- Born: 1550
- Died: 16 April 1606 Deptford
- Occupation: Shipwright

= John Addey (shipbuilder) =

English shipwright

John Addey (1550 – 16 April 1606) was a master shipwright at Deptford Dockyard.

Addey left £200 to the poor of Deptford which was invested in land on Church Street and provided an income to maintain a school in Deptford; his will also mentioned London's Shipwrights Hall. The Addey School was built in 1821 and enlarged in 1862. It amalgamated with Dean George Stanhope's School to form Addey and Stanhope School, and moved to New Cross Road in 1899. Addey was buried in St Nicholas Church in Deptford and there are plaques dedicated to him on the exterior north wall.

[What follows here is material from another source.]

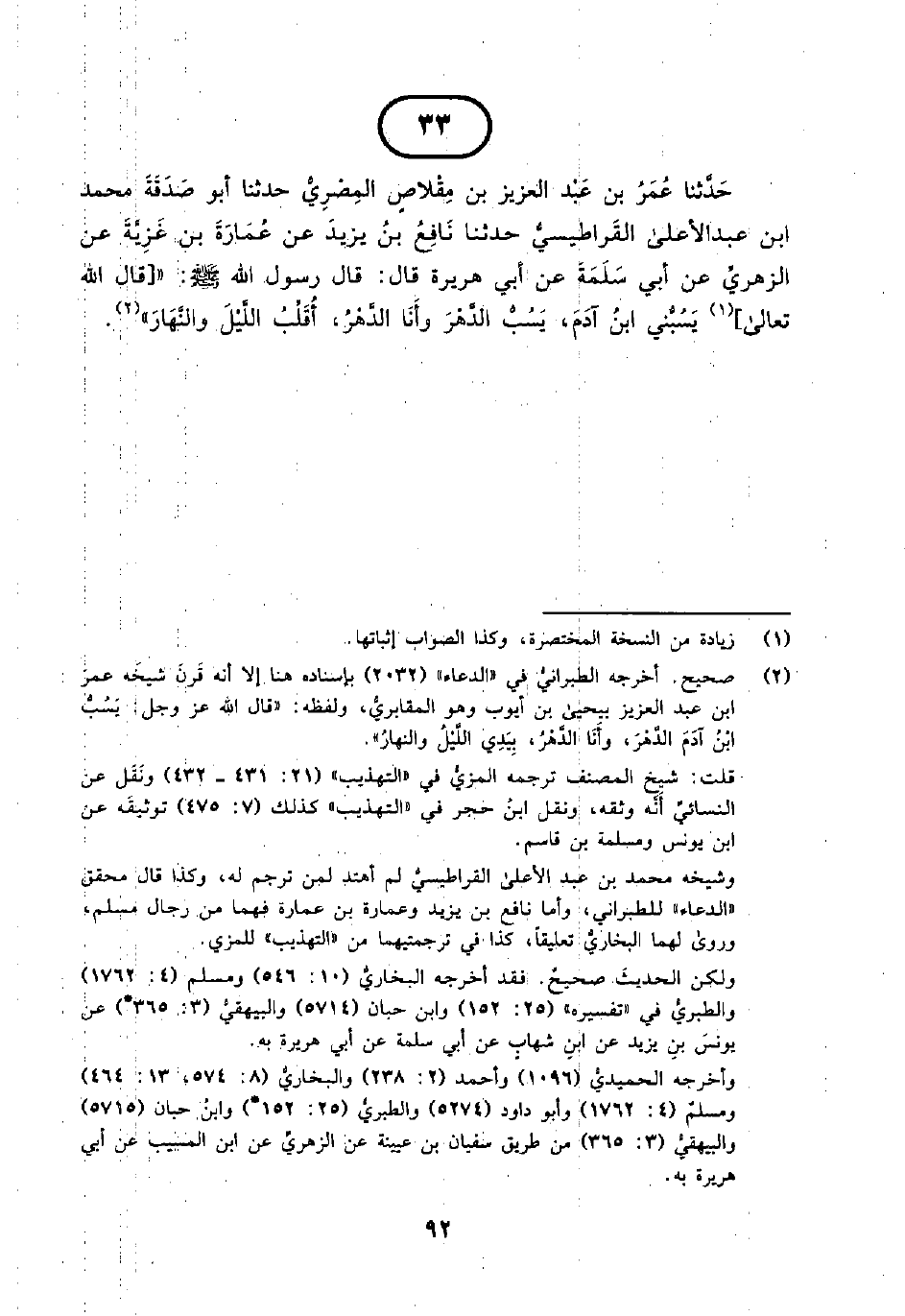 33 - حَدَّثَنَا عُمَرُ بْنُ عَبْدِ الْعَزِيزِ بْنُ مِقْلَاصٍ الْمِصْرِيُّ حَدَّثَنَا أَبُو صَدَقَةَ مُحَمَّدُ بْنُ عْبَدِ الْأَعْلَى الْقَرَاطِيسِيُّ حَدَّثَنَا نَافِعُ بْنُ يَزِيدَ عَنْ عُمَارَةَ بْنِ غَزِيَّةَ عَنِ الزُّهْرِيِّ عَنْ أَبِي سَلَمَةَ عَنْ أَبِي هُرَيْرَةَ قَالَ قَالَ رَسُولُ اللَّهِ صَلَّى اللَّهُ عَلَيْهِ وَسَلَّمَ [قَالَ اللَّهُ تَعَالَى] يَسُبُّنِي ابْنُ آدَمَ يَسُبُّ الدَّهْرَ وَأَنَا الدَّهْرُ أُقَلِّبُ اللَّيْلَ وَالنَّهَارَ.

"The above named John Addey by his will gave to his executor two hundred pounds to procure a perpetual annuity towards the relief of the poor people of Deptford to last forever. There with was purchased a piece of ground on the east side of Church street in this town, the rents and profits arising therefrom and from the buildings thereon exceed on this present year 1862 six hundred and fifty pounds from this fund forty shillings was are annually given to one hundred poor parishioners of Deptford, and large schools for poor children of the town are maintained. This tablet was erected by trustees of the charity to commemorate this good deed of a good man."